Niko napisał(a):Nie wiem co mam zrobić. Z jednej strony chciałabym to odstawić i nie pograżac sie bardziej a z drugiej..
No wlasnie..
Najgorsze, że ciągle muszę zwiększać ilości, bo mniejsze już nic mi nie dają ;/
Po mojemu to uzależnienie.
...to dzwonek,aby wykorzystać to wahanie - i nie pogrążać się... bo im dalej w las,tym więcej drzew...tym ciemniej i tym łatwiej wdepnąć w bagno z którego można już się nie wydobyć...
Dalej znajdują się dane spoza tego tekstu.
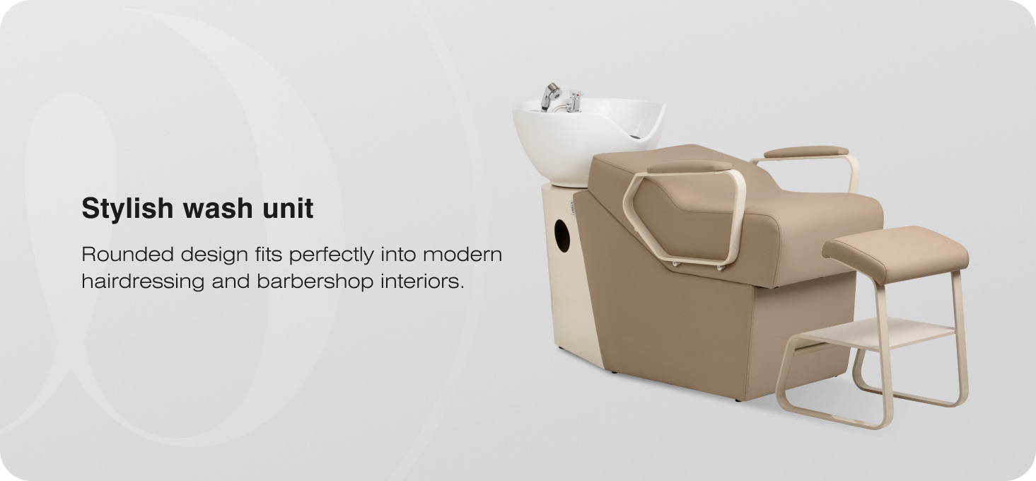 The Omega Marina hairdressing wash unit combines minimalist design with practical solutions that enhance the comfort of daily work. The integrated construction ensures stability and a cohesive, aesthetic appearance of the station, while the rounded form fits perfectly into modern hairdressing and barber shop interiors. The ergonomically profiled seat allows the client to adopt a comfortable, semi-reclined position, while the matching footrest further enhances comfort during treatments. The chair is equipped with a comfortable backrest and profiled armrests, providing stable support and enhancing the comfort of using the wash unit.

masz wybór.... albo<->albo
"ciągle muszę zwiększać ilości, bo mniejsze już nic mi nie dają"
to jest ten dzwonek alarmowy.... amfetamina jest cholernie zwodnicza... bo z jednej strony gdy się ja poznało to się chce czuć to zwodnicze poczucie mocy.... im dalej tym zjeby bardziej dają w kość i są bardziej nieznośne,więc żeby szybko z nich wyłazić - sięgasz po więcej i częściej....ale to ma tylko jeden kierunek - czarna śmierdząca dupa.... sorry za wyrażenie,ale wiem co mówię.... napatrzyłam się na ludzi gadających z szafą... w panicznej paranoi uciekających bez ustanku przed własnym cieniem... z manią prześladowczą.... z ostrymi objawami schizofrenicznymi.... z przeżartą do kości śluzówką...kruszącymi się i wypadającymi w zastraszającym tempie zębami....
sorry za opisy.... ale dziewczyno - ratuj się.